Filesystem - hiding system folders?

Chanchao custom at freenet.de
Tue Mar 28 11:14:00 BST 2006


Hi,

[Warning] Stupid question alert: If you're an accomplished Linux guru,
chances are that the following will make your toes curl into cramped
blobs.[/warning]

Would there be any merit in hiding (or moving) all the system folders
that are currently present in the root folder?   I notice that on
Windows it's rather straightforward these days; user files & settings
(home) are in 'Documents and Settings', applications are in 'Program
Files', and anything else is in 'Windows' and that's pretty much it.

On Ubuntu however there's a whole forest of system folders with names
that don't make it really obvious what they're for.  Newbie users might
think 'gosh this is complicated.. if anything goes wrong then I'd have
no clue whatsoever where to look or what to do'.

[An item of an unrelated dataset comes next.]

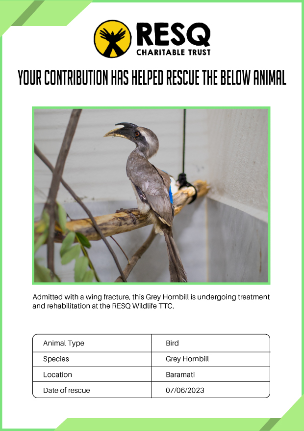 Maharashtra is home to a diverse population of wild animals, many of whom are key species identified to be globally declining. The Pune-based NGO - RESQ provides emergency aid to animals in distress. Thousands of wild animals come to RESQ annually who are either injured, sick, orphaned, or victims of wildlife trafficking and illegal captivity.

There's: bin, boot, cdrom (can live with that one), dev, etc, initrd,
lib, lost+found, media (can live with that one too, but isn't cdrom
'media' as well), mnt (hey, didn't that all go in 'media'), opt, proc,
rofs, root, sbin, srv, sys, target, tmp, usr and var.

That's a heck of a lot.. I know a lot of this is legacy unix stuff, but
thinking outside the box for a bit: is it really necessary to have that
all out in the open, visible to any newbie user?

I'd have one folder for users and their files and settings (home), one
(ONE!) place where any kind of media or drives get mounted, one folder
for system-wide settings (currently named etc I guess though 'etc'
doesn't really mean anything), one folder for applications and then one
folder for everything else; system files, libraries, the lot.

So:
/
|-home
|-programs
|-drives & media
|-configuration
|-system

Feasible? Easier/friendlier?  Would Unix/Linux people using other
distros feast on our bones if Ubuntu went that way even more than they
already do?

Note that I'm talking mainly about what the user SEES when opening a
nautilus file browser window, I can understand it if physically on disk
this is impossible because Ubuntu depends on so much (system) software
that expects certain things in certain places.